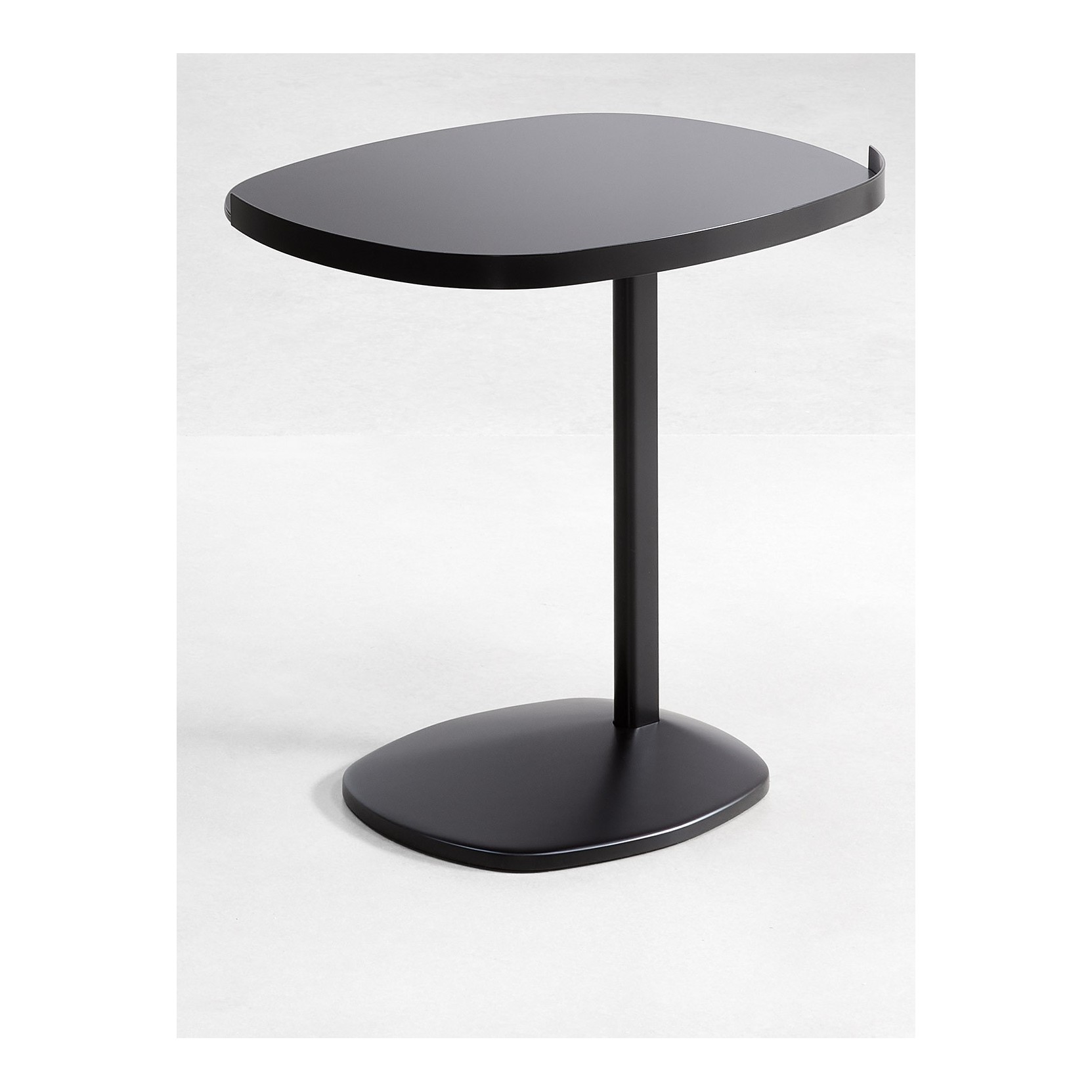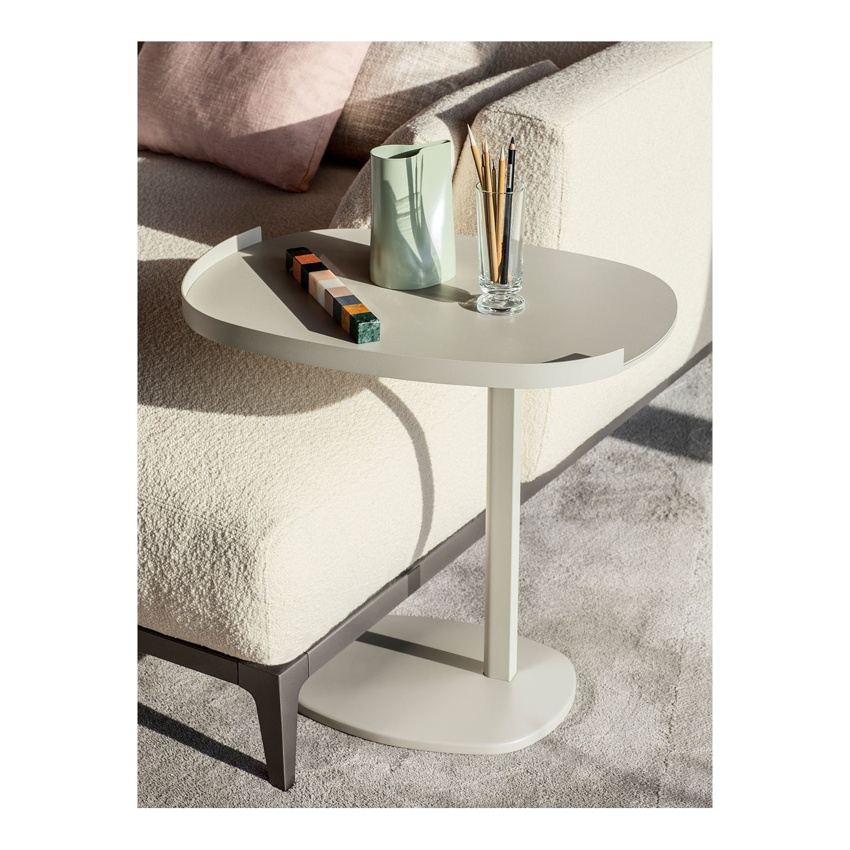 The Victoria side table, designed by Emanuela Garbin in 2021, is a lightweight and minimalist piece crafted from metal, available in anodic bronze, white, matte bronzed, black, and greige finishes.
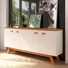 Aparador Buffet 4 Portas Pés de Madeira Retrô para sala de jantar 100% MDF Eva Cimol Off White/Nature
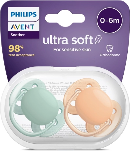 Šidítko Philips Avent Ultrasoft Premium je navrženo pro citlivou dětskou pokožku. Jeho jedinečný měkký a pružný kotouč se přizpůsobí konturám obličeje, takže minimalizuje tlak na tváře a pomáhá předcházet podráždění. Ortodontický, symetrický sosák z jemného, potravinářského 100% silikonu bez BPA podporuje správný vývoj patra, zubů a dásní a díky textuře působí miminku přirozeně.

==

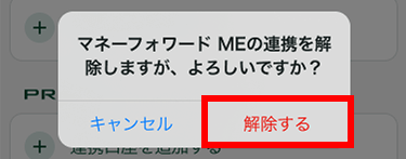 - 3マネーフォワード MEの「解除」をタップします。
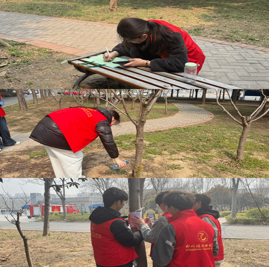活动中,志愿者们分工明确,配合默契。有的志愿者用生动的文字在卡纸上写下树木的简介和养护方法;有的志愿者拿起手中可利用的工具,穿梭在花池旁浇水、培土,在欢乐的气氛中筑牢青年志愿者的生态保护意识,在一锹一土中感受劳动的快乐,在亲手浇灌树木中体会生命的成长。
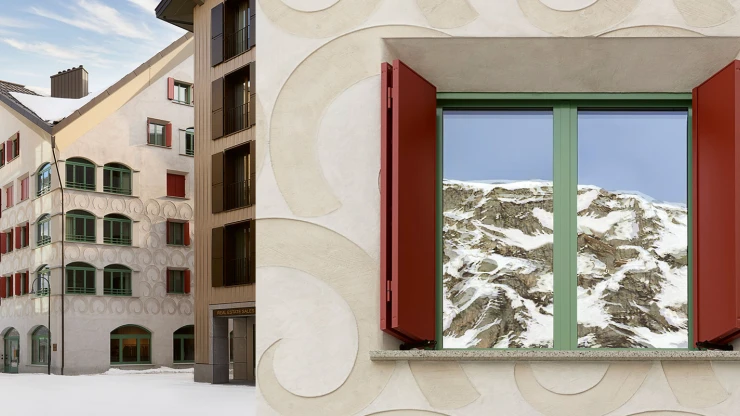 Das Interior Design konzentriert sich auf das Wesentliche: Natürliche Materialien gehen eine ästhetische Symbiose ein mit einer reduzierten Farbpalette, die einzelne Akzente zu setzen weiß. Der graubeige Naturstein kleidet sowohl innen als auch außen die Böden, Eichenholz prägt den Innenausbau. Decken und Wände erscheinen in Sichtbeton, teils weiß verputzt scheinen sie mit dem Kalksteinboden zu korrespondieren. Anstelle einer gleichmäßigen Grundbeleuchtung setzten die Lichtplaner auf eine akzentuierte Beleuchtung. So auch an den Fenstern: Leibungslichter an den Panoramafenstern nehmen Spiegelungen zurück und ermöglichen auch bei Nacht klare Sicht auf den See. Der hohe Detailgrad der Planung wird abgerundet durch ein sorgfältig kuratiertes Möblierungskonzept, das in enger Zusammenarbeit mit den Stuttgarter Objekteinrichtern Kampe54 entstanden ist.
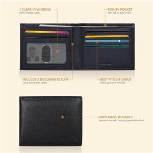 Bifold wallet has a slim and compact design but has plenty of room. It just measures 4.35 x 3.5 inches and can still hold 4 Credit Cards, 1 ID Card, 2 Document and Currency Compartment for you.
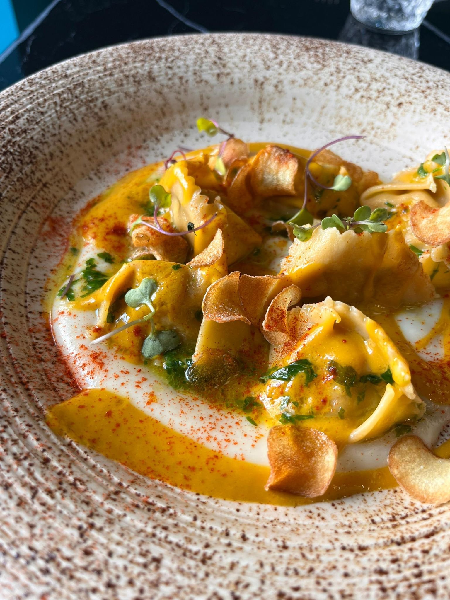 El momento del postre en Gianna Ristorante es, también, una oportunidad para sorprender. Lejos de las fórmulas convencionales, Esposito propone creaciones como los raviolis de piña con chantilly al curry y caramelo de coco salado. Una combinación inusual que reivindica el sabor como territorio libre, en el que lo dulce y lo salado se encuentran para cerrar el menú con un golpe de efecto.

**Task description**. Leave out every picture, and copy exactly the lines above starting at the one holding "The Victoria side" and ending at the one holding "Šidítko Philips Avent", no more and no less.

**Completed exercise**.
 The Victoria side table, designed by Emanuela Garbin in 2021, is a lightweight and minimalist piece crafted from metal, available in anodic bronze, white, matte bronzed, black, and greige finishes.
 Aparador Buffet 4 Portas Pés de Madeira Retrô para sala de jantar 100% MDF Eva Cimol Off White/Nature
 Šidítko Philips Avent Ultrasoft Premium je navrženo pro citlivou dětskou pokožku. Jeho jedinečný měkký a pružný kotouč se přizpůsobí konturám obličeje, takže minimalizuje tlak na tváře a pomáhá předcházet podráždění. Ortodontický, symetrický sosák z jemného, potravinářského 100% silikonu bez BPA podporuje správný vývoj patra, zubů a dásní a díky textuře působí miminku přirozeně.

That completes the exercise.